Start with the mini model unless you have a clear reason not to. Upgrade sessions when you detect high-value users, complex intent, or repeated clarification failures. If you use an OpenAI-compatible gateway such as KissAPI for non-realtime text routes, keep voice and background reasoning behind the same budget logic.

Backend Session Endpoint

import express from 'express';

const app = express();
app.post('/api/realtime-session', async (req, res) => {
  const r = await fetch('https://api.openai.com/v1/realtime/sessions', {
    method: 'POST',
    headers: {
      Authorization: `Bearer ${process.env.OPENAI_API_KEY}`,
      'Content-Type': 'application/json'
    },
    body: JSON.stringify({
      model: 'gpt-realtime-2.1-mini',
      voice: 'alloy',
      instructions: 'You are a concise support voice agent. Confirm facts before taking account actions.',
      reasoning: { effort: 'low' }
    })
  });

  if (!r.ok) return res.status(500).json({ error: await r.text() });
  res.json(await r.json());
});

Cost Controls That Actually Matter

For teams comparing models and budgets before launch, KissAPI’s cost tooling is useful because it forces the boring question early: how many calls, how many minutes, and how much generated audio per call?
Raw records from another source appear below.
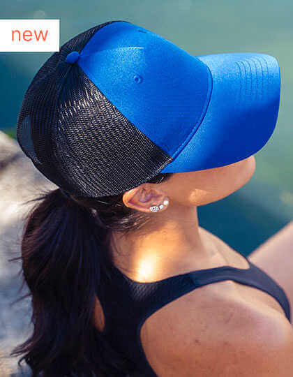 Hlavná látka: 100% certifikovaný recyklovaný polyesterový keper / bočná a zadná strana: 100% certifikovaný recyklovaný polyester (vyrobené z 3 fliaš) | Klasická šiltovka typu „trucker“ z 5 panelov z recyklovaného polyesterového kepru | Recyklovaná sieťovina | Snapbackové zapínanie z recyklovaného PVC | Široká koruna | Ľahká a priedušná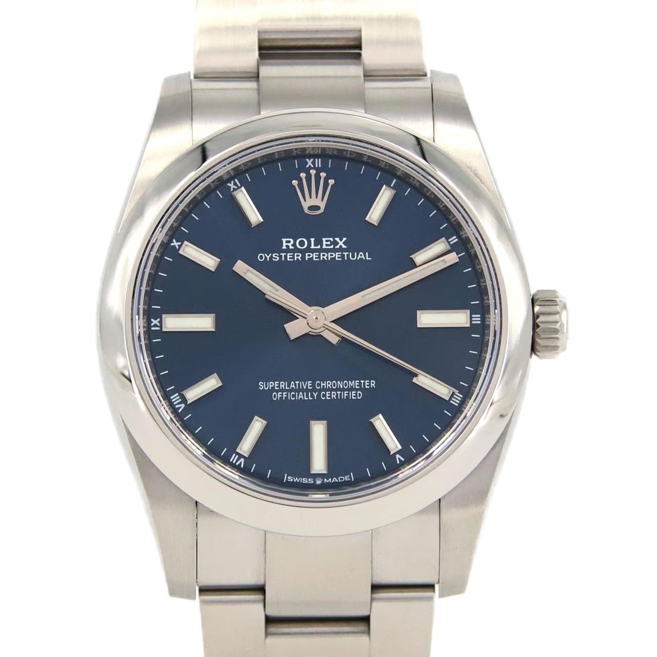 ユニセックスサイズのオイスターパーペチュアル。ネイビー文字盤が知的で落ち着いた印象を与え、ビジネスシーンにもふさわしいモデルです。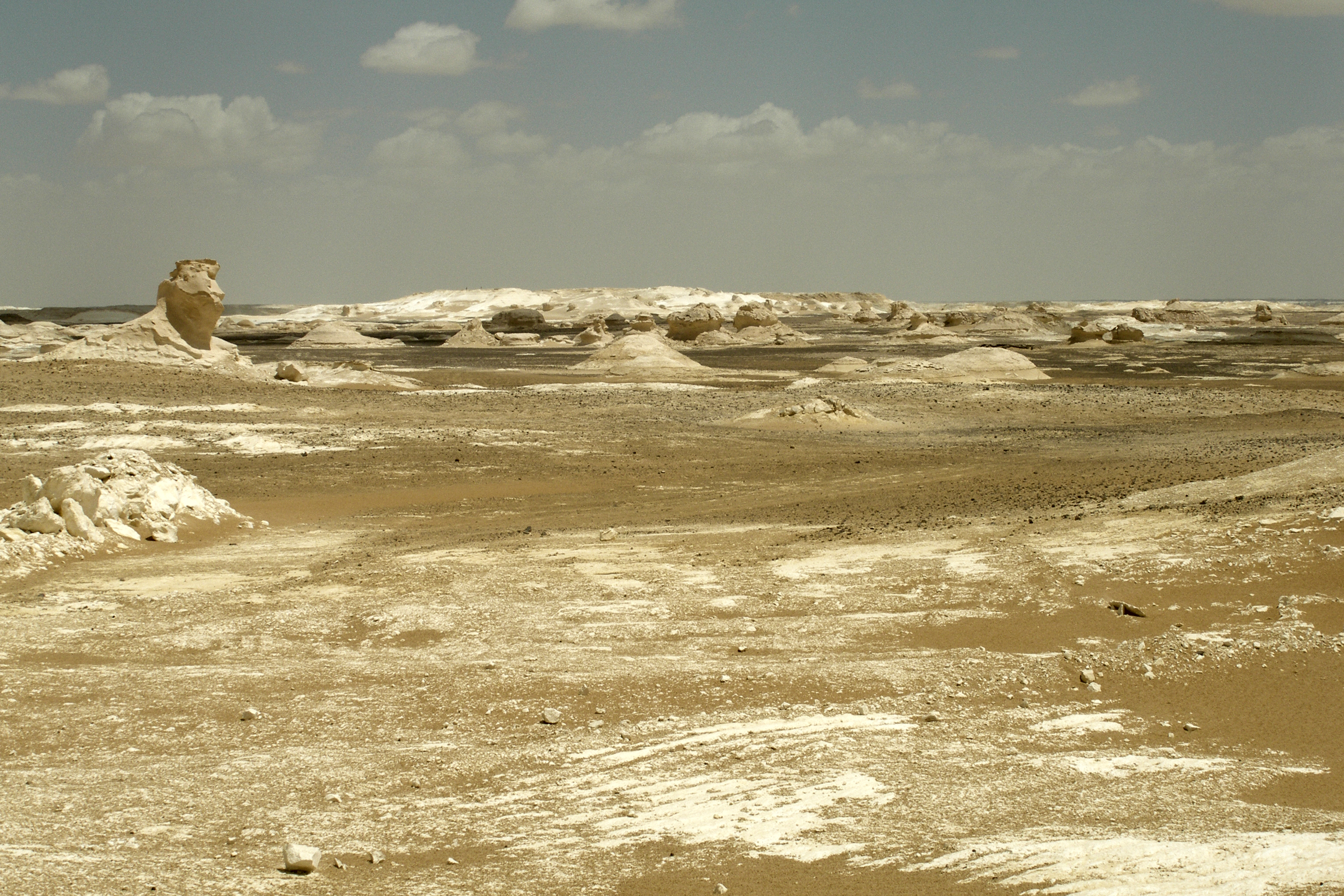 - 사막: 사막은 일반적으로 연간 강수량이 25cm 미만인 건조한 기후를 가진 지역이다. 지구 육지 면적의 약 5분의 1을 차지하며 매우 덥거나 매우 추울 수 있다(극지 사막 참조). 사막에는 가뭄에 견딜 수 있도록 진화한 동물과 식물이 서식한다. 사막에서는 대부분의 침식이 흐르는 물에 의해 발생하는데, 일반적으로 격렬한 뇌우 동안 발생하는 산사태가 원인이다. 사막은 과도한 삼림 벌채와 과방목으로 인한 사막화로 인해 확장되고 있다.[115][49]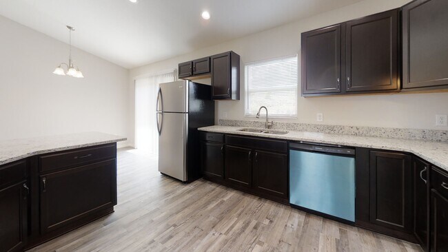 Contemporary Home. Experience luxury living with this modern new home, featuring an open floor plan with vinyl plank wood flooring throughout. The gourmet kitchen is fully equipped with stainless steel appliances, granite countertops, ample cabinet space, and a breakfast bar that opens into the family room. The home's split bedroom design provides a private Master suite with a bathroom on one side, while two spacious bedrooms with a shared bathroom are located on the other side. Don't miss out on the chance to tour this beautiful home!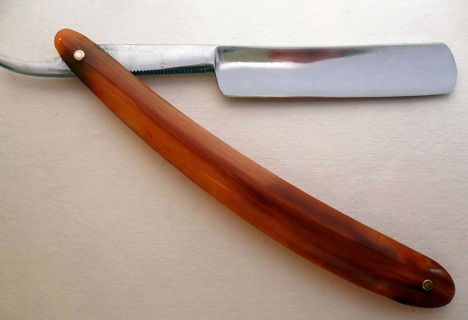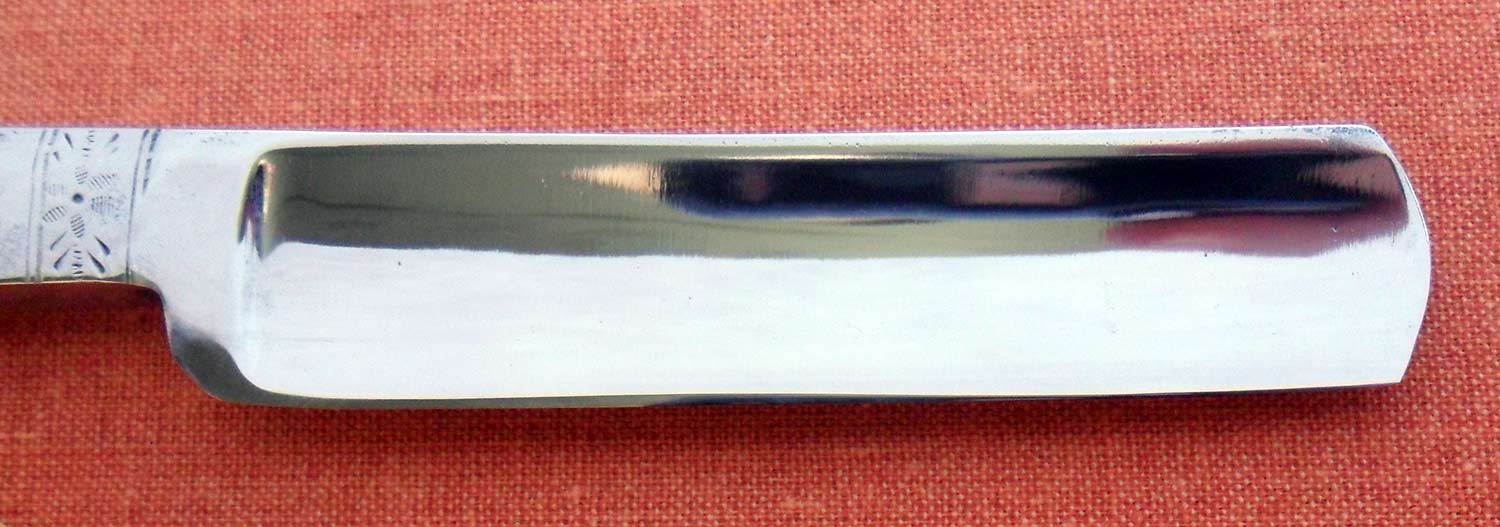 Сведения о производителе: http://britva.ru/forum/viewtopic.php?f=28&t=1149" onclick="window.open(this.href);return false; Судя по форме клинка и шрифту надписи предполагаю конец XIX века, менее вероятно начало XX века. Ручка - материал, предшественник современной микарты - пресованный картон с клеем. Ручка явно фабричная, родная или нет- под вопросом. Клинышек из металла. Геометрия quarter hollow, отлично точится. Очень мягко снимает щетину, хотя требует немного большего навыка в сравнении с обычными холлоу граундами. Естесственно, заточена и полностью готова к бритью. Ширина бритвы 19 мм, толщина обуха 4,5 мм.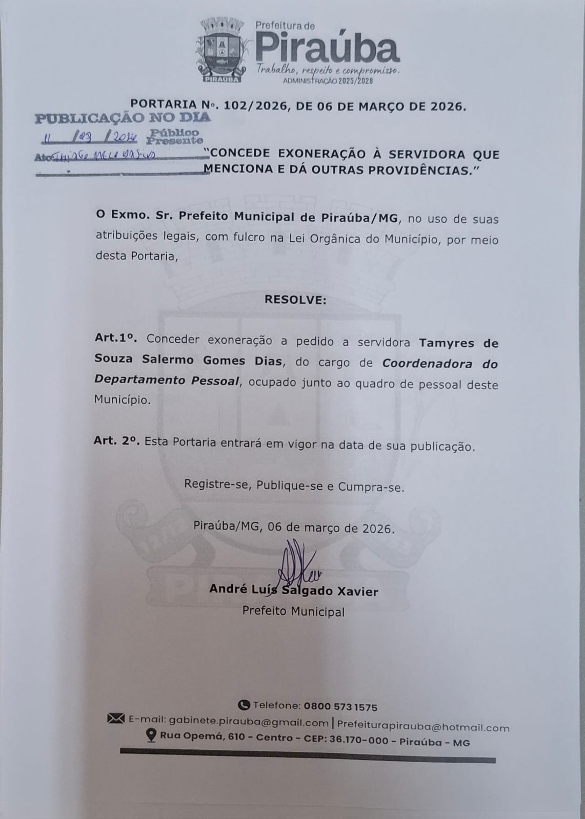 PORTARIA 102/2026 - EXONERAÇÃO - TAMYRES DE SOUZA SALERMO GOMES DIAS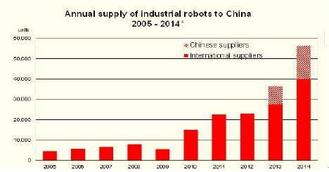 2005-2014中國工業(yè)機(jī)器人市場(chǎng)銷量快速增長(zhǎng)

Build With a Backup API Plan

Create a free KissAPI account and keep OpenAI-compatible text routes, fallback models, and cost tracking ready before your voice agent hits production traffic.

Start Free

FAQ

What did OpenAI announce about GPT-Live on July 8, 2026?

OpenAI announced GPT-Live as a full-duplex voice model family for more natural ChatGPT Voice interactions. GPT-Live-1 and GPT-Live-1 mini are rolling out to ChatGPT users, and OpenAI says API access is planned soon.

Is GPT-Live the same as GPT-Realtime 2.1?

Not exactly. GPT-Live is the new ChatGPT Voice model family OpenAI announced. For API developers, OpenAI’s current realtime docs point to GPT-Realtime 2.1 and GPT-Realtime 2.1 mini for low-latency voice-agent sessions.

Which model should I start with for a voice agent?

Start with GPT-Realtime 2.1 mini for intake and high-volume flows. Use GPT-Realtime 2.1 for premium support, harder tool use, or cases where recognition and reasoning quality matter more than raw cost.